We have the following empirical specification: 

$Y = D\theta_0 + g_0(Z) + U, E[U|Z,D] = 0$
where 

* $Y$ - outcome
* $D$ - policy/treatment variable with $\theta_0$ - the parameter of interest 
* $Z$ - (high-dimensional) vector of controls or confounders (nuisance parameters) in the sense that: 

$D = m_0(Z) + V, E[V|Z] = 0$

**A common task among economists**
* Select the relevant controls (theory/common sense) and argue that $\theta_0$ is causal conditional on controls

**Issues with this approach**
* True model specification? 
* Potentially a big set of controls (often $P>N$), including all of them is not feasible 

  $\rightarrow$ Omitted variable bias when we do not include relevant confounders and large standard errors when we include irrelevant controls
 
 $\rightarrow$ “Researcher degrees of freedom” and“p-hacking”. Researchers may consciously or unconsciously choose controls to generate the results they want

## Why can Supervised Learning methods help? 
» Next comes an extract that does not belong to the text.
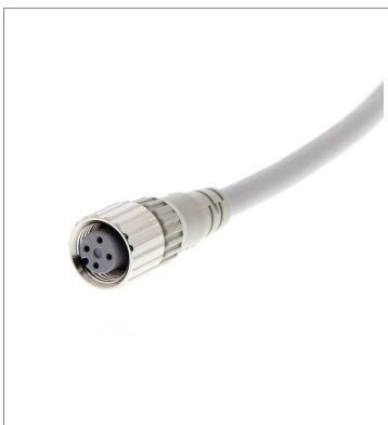
Round Water-resistant Connector (M12 Threads)

* Data-driven model selection: controls and specification
* Automatic RA 

Great! So, let's just run a Lasso regression of $Y$ on $D$ (not subject to regularization) and all possible controls... 

Why won't such a naive approach work? 
* We might miss controls that have a strong predictive power for the causal variable, but only a small effect on the outcome 
Similarly: if we only consider the regression of the causal variable against the controls, we might miss controls that have a strong predictive power for the outcome, but only a moderately sized effect on the causal variable.

## Literature 

* **Dynamic field of research**
<br>

* **2010-2015 Belloni/Chernozhukov/Hansen et al. papers**
    * Post-double selection 
    * Double orthogonalization 
    * Selection of best instruments 
    * Focus on penalised regressions; applications to partially linear models; generalizations to ATE/ATT and heterogeneous treatment effects 
    * pdslasso package in Stata 14+
    
(Beloni et al. 2014 JEP paper is a good start to the general idea)
    
<br>   

* **2018 Chernozhukov et al. "Double/debiased machine learning for treatment and structural parameters"**
    * Generalization of the orthogonalization idea; use of a much broader set of ML tools to estimate nuisance parameters
    * Cross-fitting idea: split the sample to reduce the bias due to overfitting - use one part of data to estimate nuisance parameters and another to estimate the parameter of interest  
    * Applications to partially linear models, models with instruments, ATE/ATT/LATE. 
    * Double machine learning package in Python https://docs.doubleml.org/stable/index.html, tetelasso package from Stata16+
        * we will work with them after learning about CART and Random Forests

<br>

* **Related field** 
    * Rapidly expanding body of work on estimation of treatment effects under unconfoundedness using ML methods
    * Note: Double ML and Double/y Robust methods are two different things. The latter comes from the literature on estimating treatment effects. 
    

## Double Machine Learning Solutions
### Post-Double-Selection Lasso (Belloni et al. 2014 Restud)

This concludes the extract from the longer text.